REPUBLIKA.CO.ID, JAKARTA -- Presiden Konfederasi Serikat Buruh Sejahtera Indonesia (KSBSI) Mudhofir Khamid mengaku prihatin ketika melihat aksi unjuk rasa pengemudi taksi yang berujung pada bentrokan dengan sesama pengemudi transportasi lainnya di beberapa titik di DKI Jakarta.
"Saya melihat bahwa persaingan usaha antarkorporasi telah berkembang menjadi konflik horizontal antara sesama kelas buruh, antarsesama pengemudi taksi dan angkutan umum, serta pengemudi Gojek, seperti yang terjadi hari Selasa (22/03) lalu," ujar Mudhofir dalam rilisnya, Kamis (24/3).
Mudhofir mengingatkan pemerintah harus mengambil langkah tegas dan bijaksana dalam permasalahan ini dan jangan terkesan lambat agar tidak meluas serta memakan korban yang lebih besar. Dia mengatakan, permasalahan yang terjadi bukan semata-mata soal pengemudi transportasi konvensional melawan pengemudi transportasi daring, terdaftar atau tidak, bayar pajak atau tidak, melainkan lebih besar lagi, yaitu permasalahan ekonomi yang dirasakan begitu beratnya oleh kelas buruh transportasi umum di Indonesia.
"Faktanya berkata bahwa sebagian penduduk Indonesia sudah jatuh hati dengan transportasi online, dan juga berhasil menjadi mata pencarian alternatif bagi banyak orang," tutur dia.
Namun, di sisi lain, kata Mudhofir, pemerintah pun harus mendengarkan tuntutan dari pengemudi transportasi konvensional, yang nyata-nyata menjadi korban akibat persaingan usaha antarkorporasi.

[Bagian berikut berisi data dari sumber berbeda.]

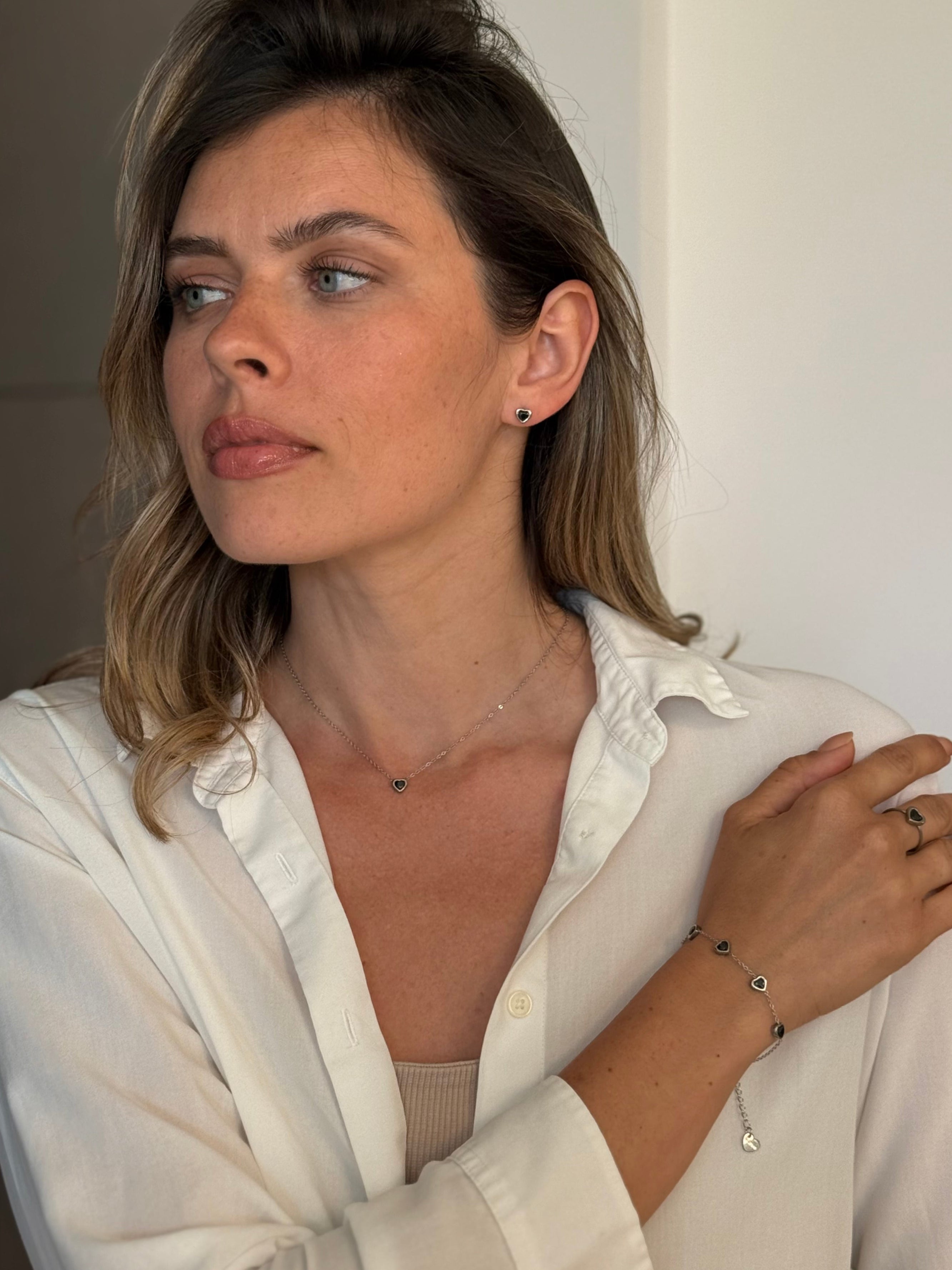 עגילי טייני לב בלינג שחור הם עגילי לב צמודים בשיבוץ זרקון שחור הכי עדינים ויפים שיש.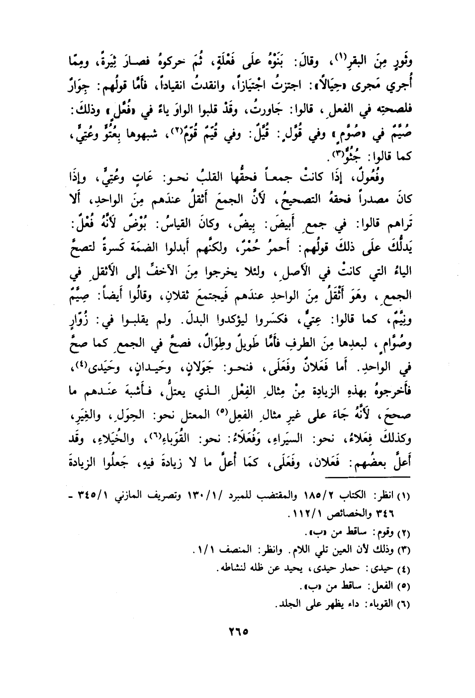 وفُعُولٌ إذَا كانتْ جمعًا فحقُّها القلبُ نحو: عَاتٍ وعُتِيٍّ وإذَا كانَ مصدرًا فحقهُ التصحيحُ لأَنَّ الجمعَ أَثقلُ عندَهم مِنَ الواحدِ أَلا تَراهم قالوا: في جمعِ أَبيضَ: بِيضٌ وكانَ القياسُ: بُوضٌ لأَنَّهُ فُعْلٌ: يَدلُّكَ علَى ذلكَ قولُهم: أَحمرُ حُمْرٌ ولكنَّهم أَبدلوا الضمَة كَسرةً لتصحَّ الياءُ التي كانتْ في الأَصلِ ولئلا يخرجوا مِنَ الآخفِّ إلى الأَثقلِ في الجمعِ وهَوَ أَثْقَلُ مِنَ الواحدِ عندَهم فَيجتمعَ ثقلانِ وقالُوا أيضًا: صِيَّمٌ ونِيَّمٌ كما قالوا: عِتيٌّ فكسَروا ليؤكدوا البدلَ. ولم يقلبوا في: زُوّارٍ وصُوَّامٍ لبعدِها مِنَ الطرفِ فأَمَّا طَويلٌ وطِوَالٌ فصحَّ في الجمعِ كما صحَّ في الواحِد. أَما فَعَلانٌ وفَعَلَى فنحو: جَوَلانٍ وحَيدانٍ وحَيَدى4، فأَخرجوهُ بهذهِ الزيادِة مِنْ مِثالِ الفِعْلِ الذي يعتلُّ فأشبهَ عنَدهم ما صححَ لأَنَّهُ جَاءَ على غيرِ مثالِ الفعِل5 المعتل نحو: الحِوَلِ والغِيَرِ وكذلكَ فِعَلاءُ نحو: السيَراءِ وَفُعَلاَءُ: نحو: القُوَباءِ والخُيَلاءِ وقَد وكذلكَ فِعَلاءُ نحو: السيَراءِ وَفُعَلاَءُ: نحو: القُوَباءِ6 والخُيَلاءِ وقَد أَعلَّ بعضُهم: فَعَلان وَفَعَلَى كمَا أْعلَّ ما لا زيادةَ فيهِ جَعلُوا الزيادةَ.

Selain itu, tambah Mudhofir, soal birokrasi dan perizinan perusahaan bukan urusan buruh, urusan soal pajak yang harus dibayar oleh perusahaan bukan tanggung jawab buruh, itu urusan perusahaan dan pemerintah. Buruh transportasi atau pengemudi, baik konvensional maupun daring, hanya berkewajiban menjalankan kewajibannya bekerja sesuai prosedur yang ada.